- **RECORDS SUPPLIED**
========
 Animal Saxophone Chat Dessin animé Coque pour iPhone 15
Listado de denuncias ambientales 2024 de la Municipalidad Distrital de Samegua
========
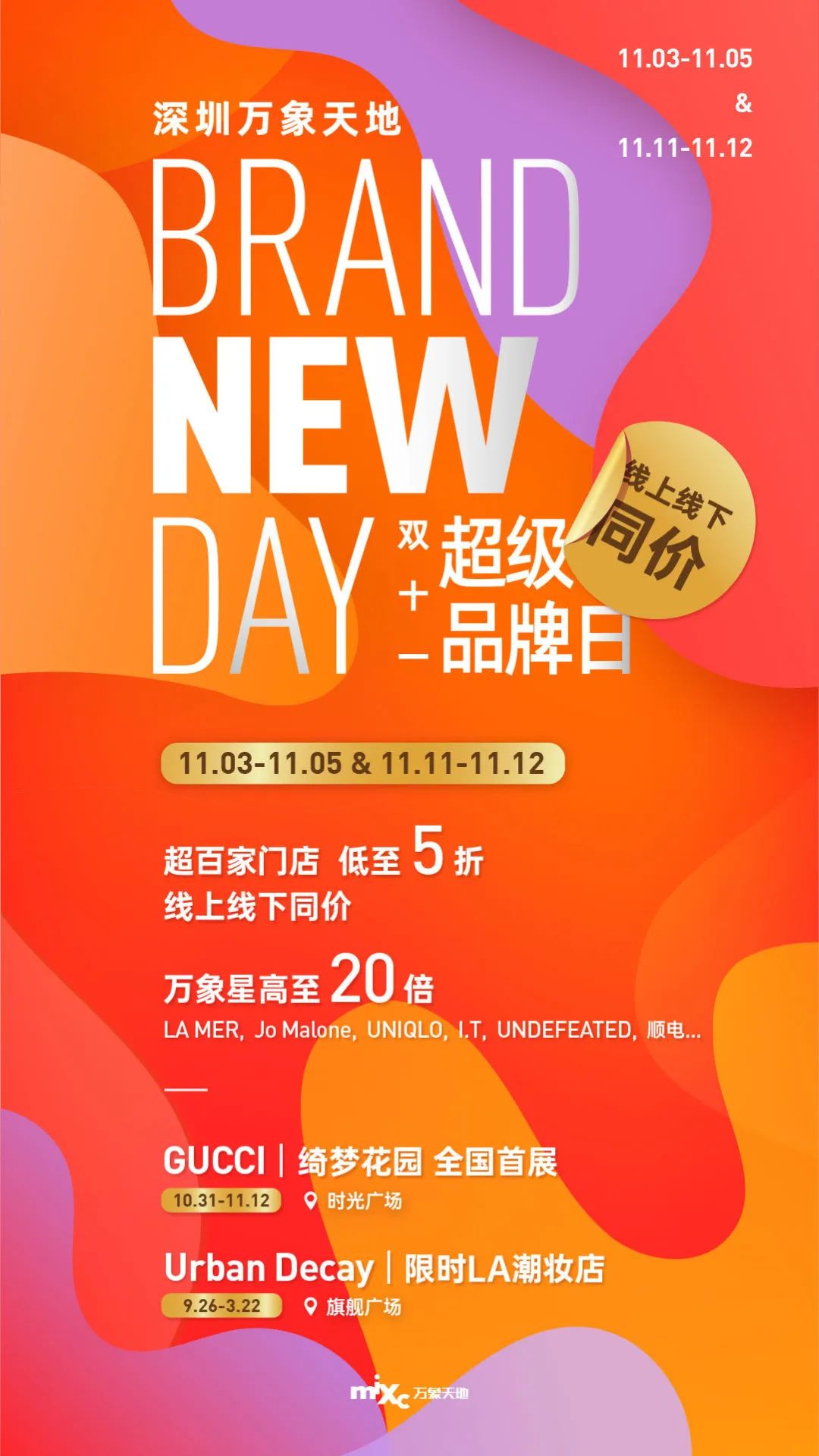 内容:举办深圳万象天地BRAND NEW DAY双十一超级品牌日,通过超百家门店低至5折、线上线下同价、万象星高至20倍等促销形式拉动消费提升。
========
- **TASK TO CARRY OUT**
The lines above from the one with "Animal Saxophone Chat" through the one with "Listado de denuncias" are to be duplicated exactly, ends included, with nothing added.

- **REPLY**
 Animal Saxophone Chat Dessin animé Coque pour iPhone 15
Listado de denuncias ambientales 2024 de la Municipalidad Distrital de Samegua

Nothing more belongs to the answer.